KarmicBetterSuspendResume

Revision 6 as of 2009-06-08 21:26:23

Clear message

Summary

We integrated suspend and resume apport reporting in Jaunty and got a ton of reports of Resume failures, We would like to improve suspend/resume experience in Karmic. Triaging the suspend resume bugs that got opened recently we have identified that most of the issues were related to modules that deal with graphics card drivers and ethernet/wireless drivers. In this session we intend to do a little bit of brain storming to improve suspend/resume in Karmic.

Release Note

The impact of changes that will be put in place as a result of this session should improve suspend/resume experience on Karmic.

Rationale

Users of Laptops and Netbooks almost never shutdown and power on their devices, they prefer to close the laptop lid and expect the laptops to suspend, and open the lid to resume. This saves the state of the various applications they were running before suspend, and resume using these application upon resume. This continues to be the use case for laptops and netbooks in spite of fast shutdown/reboot times in Jaunty.

Unresolved issues

We have over 600 bugs opened on suspend/resume for jaunty, although I was able to identify some offending drivers that are common to some of the bugs, we are not able to resolve all of them.

Summary of Discussion

There was discussion how things went in the Jaunty cycle when we enabled reporting on suspend/resume issues. There was an overwealming amount of bug reports and we were unable to cope and fairly respond to them in a timely fashion. This work did find several generic bugs but we were unable to satisfactory find common theams. Some improvements were made over the cycle including better reporting and potential to use the hardware DB.

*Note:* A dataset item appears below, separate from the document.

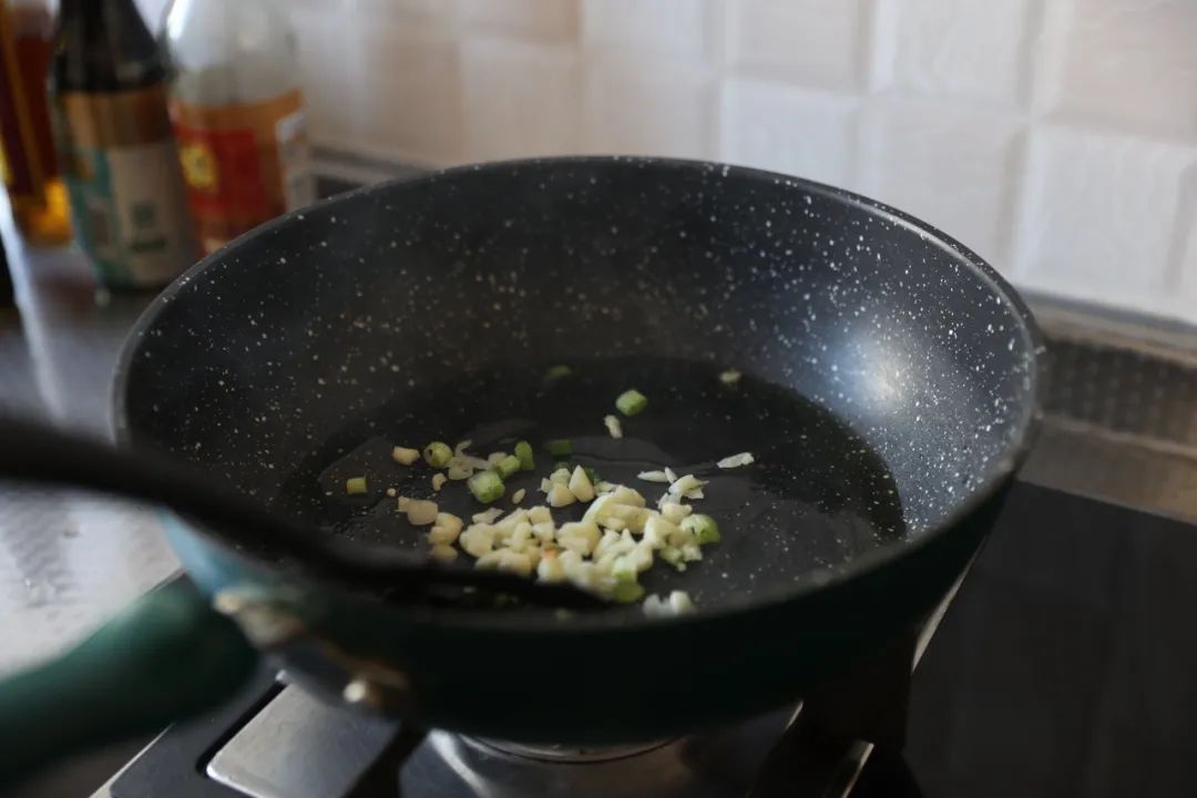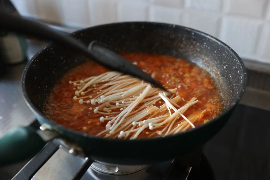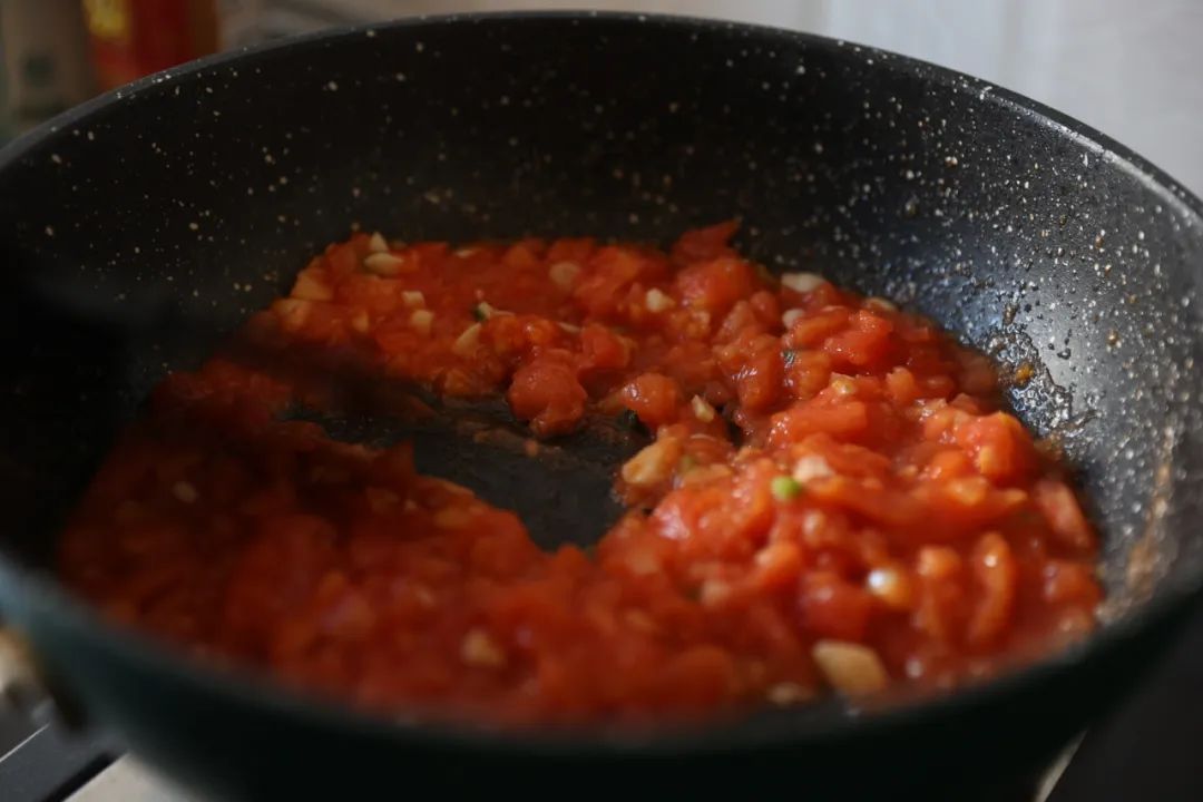 将薄油蒜末炒香,加入番茄碎,待炒成沙子后加水烧开,在高温影响下番茄开始释放酸甜番茄汁,这是汤底的关键。

It was pointed out that Rafael had written an OLS paper on the improvements coming in this area.

There was disussions of what our goals should be in the Karmic cycle. We clearly want to continue to improve the suspend/resume experience and if nothing else our testing in Jaunty has shown we have a problem. Also we have a number of improvements in the pipe coming from KMS which we would like to evaluate against Jaunty's results. The direct Goals were:

  • no drivers needing removal
  • a review and cleanup of the pm-util scripts
  • better unstanding of the Jaunty issues via data analysis
    • dupping of common problems together etc

A number of ideas were suggested:

  • investigate the debugging features and why they don't work
  • investigate leaving the console on longer
    • no_console_suspend how would this affect the experience
    • how does KMS affect this
  • /sys/power/pm_test file, tell it which level suspends to go down to
  • look at some Karmic testing, but more focused this time
    • look at very bad machines, and request specific testing on those
    • Can script updating bug reports from testers w/ request to re-test
    • there are many suspend resume bug fixes available in newer kernels,
    • expectation is that things or better, being able to measure that
    • has value
  • look at how we can help the normal people find out how to communicate
  • upstream
    • WIP for lp/bugzilla plugin for kernel bugzilla
  • are we upstreaming bugs where we are using suspend/resume remove of
  • module as a solution
    • we should be opening generic bugs for failures, with upstream bugs
    • linked each
    • we should be getting upstream kernel testing if possible too

We should also consider allowing users to opt in to reporting more information to make these reports better:

  • do you want to send data "i don't mind":
    • success reports
      • success needs data on the environment that leads to success
    • having something in launchpad, allowing us to take more testing
    • with them and reporting success etc

Design

  • Several design goals were discussed at UDS.
    • Not requiring removal of kernel modules.
      • But there are certain modules that are in experimental/staging area in the kernel that causes suspend resume issues, and removing them before suspend fixes resumes problems. The modules need to be identified and maintainers notified of issues these modules have on resume.
    • Review and clean up of pm-utils scripts
      • Perhaps as a first steps modifying the scripts such that we can isolate suspend issues from resume issues might be a good first step.
    • Data mining and analysis of Jaunty suspend resume bugs for clues.
    • Due to the varied nature of hardware on which these problems are seen, a wider community effort in debugging suspend/resume issues is called for.

Implementation

  • Kernel Modules
    • Debugging tip & tricks

    • Identifying problem areas in offending modules
    • Fixing modules and working problems upstream
    • Greater community involvement in Debugging
    • Roll in new suspend/resume support from upstream
  • X related suspend/resume
    • Measure impact of KMS on resolving suspend/resume issues
    • Leaving console on for longer duration.
    • Help originators of bug reports communicate X related failures better
  • Data Mining and Analysing suspend/resume bugs in Jaunty
    • Use simple methods to connect common points of failure in drivers and subsystems
    • Gather information on hardware that are known to cause problems with Suspend/Resume
    • Dupe bugs that are known to be caused by single point of failure together.
  • pm-utils refresh
    • Identify problems areas in the pm-utils scripts and propose improvements
    • Better reporting of suspend and resume points of failure
    • community involvement in review of pm-utils scripts to better handle problem hardware


CategorySpec